When you begin the interview process, it is best to interview the people who are closest to the work (i.e. mechanics and operators). You should also talk with supervisors and possibly managers but certainly not to the extent that you would for mechanics and operators.

As a principal analyst, you will also need to be the principal interviewer. This means that you have to explain the process to the interviewees, ask the questions and capture the information on your log sheet. This can be a difficult job. If it is feasible, it would be advantageous to have an associate interviewer to assist you by recording the information on the log sheets. This allows you to focus on the questions and the interviewees.

The job of interviewing can be quite an experience, particularly if you do not have a lot of experience in conducting them. It tends to be more of an art form than a science. Below is a listing of some tips that may be useful when you begin to conduct your FMEA interviews.

Interview Tips

  • Be very careful to ask the exact same lead questions to each of the interviewees. This will eliminate the possibility of having different answers depending on the interpretation of the question. Later you can expand on the questions, if further clarification is necessary.

  • Make sure that the participants know what a FMEA is as well as the purpose and structure of the interviews. If you are not careful, the process may begin to look more like an interrogation than an interview to the interviewees. You want the interviewees to be comfortable.

  • Allow the interviewees to see what you are writing. This will set them at ease since they can see that the information they are providing is being recorded correctly. NEVER use a tape recorder in a FMEA session because it tends to make people uncomfortable and less likely to share information.

  • Never argue with an interviewee. Even if you do not agree with the person, it is best to accept what they are saying at face value and double check it with the information from other interviews. The minute you become argumentative, it reduces the amount of information that you can get from that person.

  • Always be aware of interviewees names. There is nothing sweeter to a persons ears than the sound of their own name. If you have trouble remembering, simply write the names down in front of you so that you can always refer to them.

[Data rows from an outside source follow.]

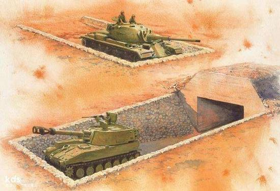 别以为有装甲就不用防御工事了,此乃美军版坦克掩体&自行火炮掩体示意图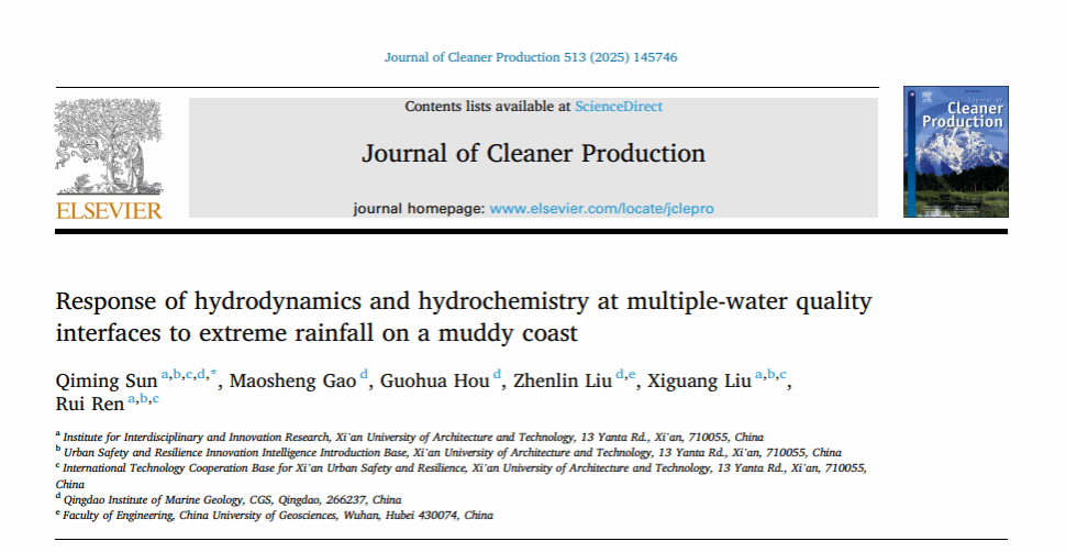 近日,交叉创新研究院韧性城市规划工程研究院团队与青岛海洋地质研究所联合完成的研究成果“Response of hydrodynamics and hydrochemistry at multiple-water quality interfaces to extreme rainfall on a muddy coast(泥质海岸带多水质界面对极端降雨的水动力水化学响应过程研究)”发表在国际著名期刊Journal of Cleaner Production (中科院一区TOP,2024年影响因子为10.0)上。我校为论文第一完成单位,交叉创新研究院助理教授孙启明为论文第一作者。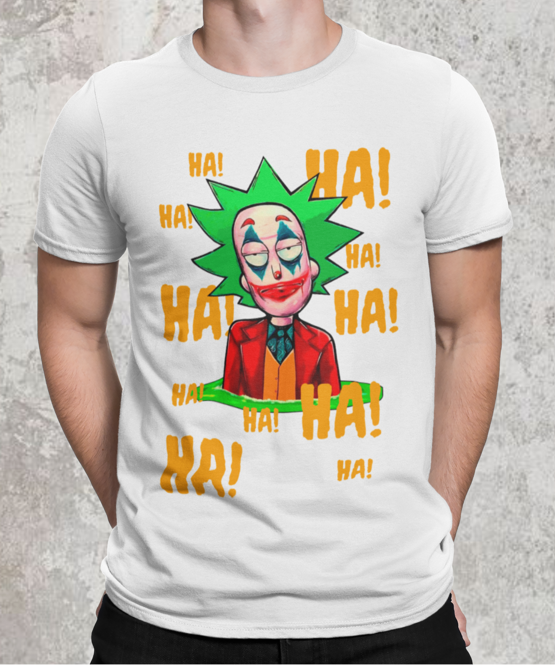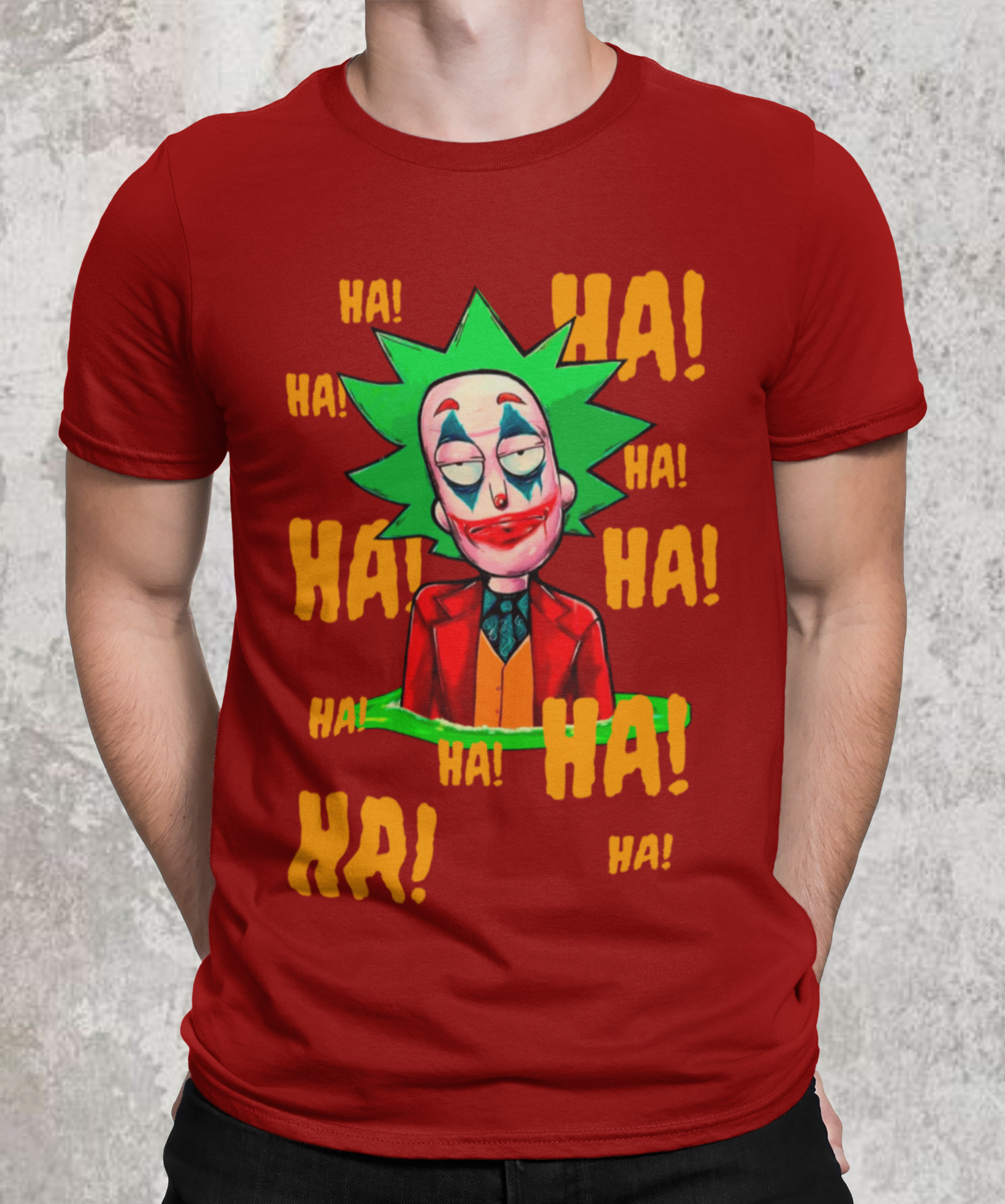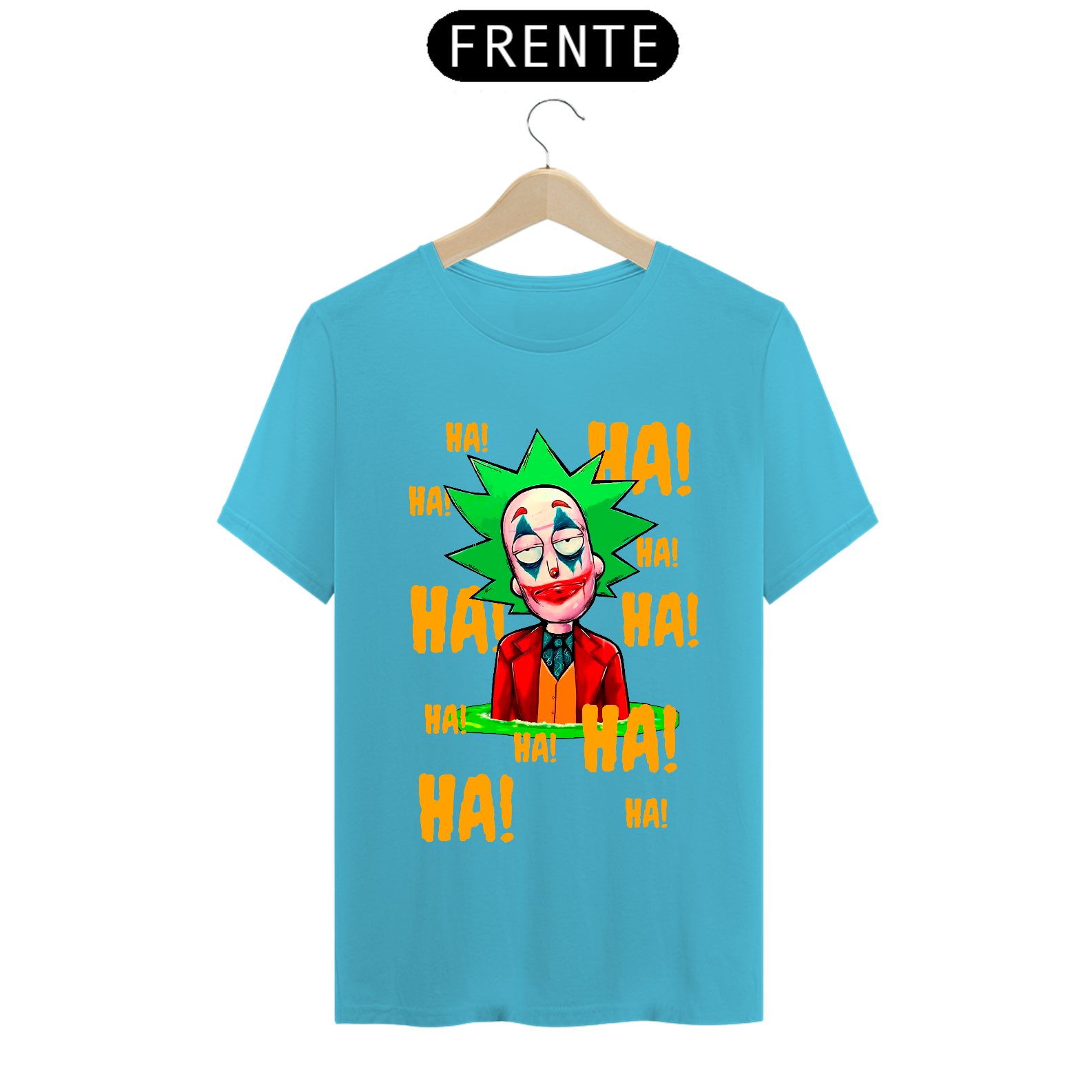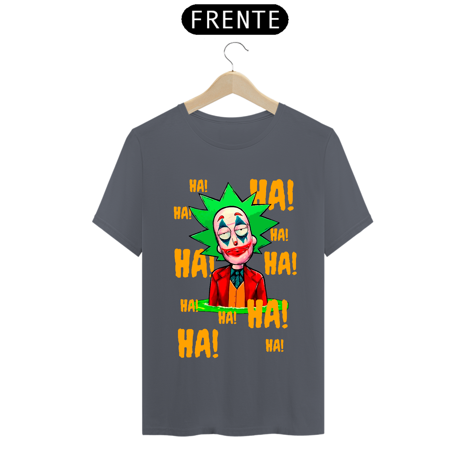 Camiseta com estampa do personagem Rick da série Rick and Morty maquiado com a maquiagem do personagem Curinga é uma camiseta criativa e engraçada que combina dois universos diferentes. Ela tem estampado o rosto do personagem Rick Sanchez, da série Rick and Morty, maquiado com a icônica maquiagem vermelha e branca do personagem Curinga, do universo dos quadrinhos. Esta camiseta é perfeita para fãs de Rick and Morty e fãs de quadrinhos que gostam de misturar referências divertidas e engraçadas em suas roupas.

  • It is important to develop a strategy to draw out quiet participants. There are many quiet people in our workforce who have a wealth of data to share but are not comfortable sharing it with others. We have to make sure that we draw out these quiet interviewees in a gentle and inquiring manner.

  • Be aware of the body language of interviewees. There is an entire science behind body language. It is not important that you become an expert in this area. However, it is important to know that a substantial portion of human communication is through body language. Let the body language talk to you.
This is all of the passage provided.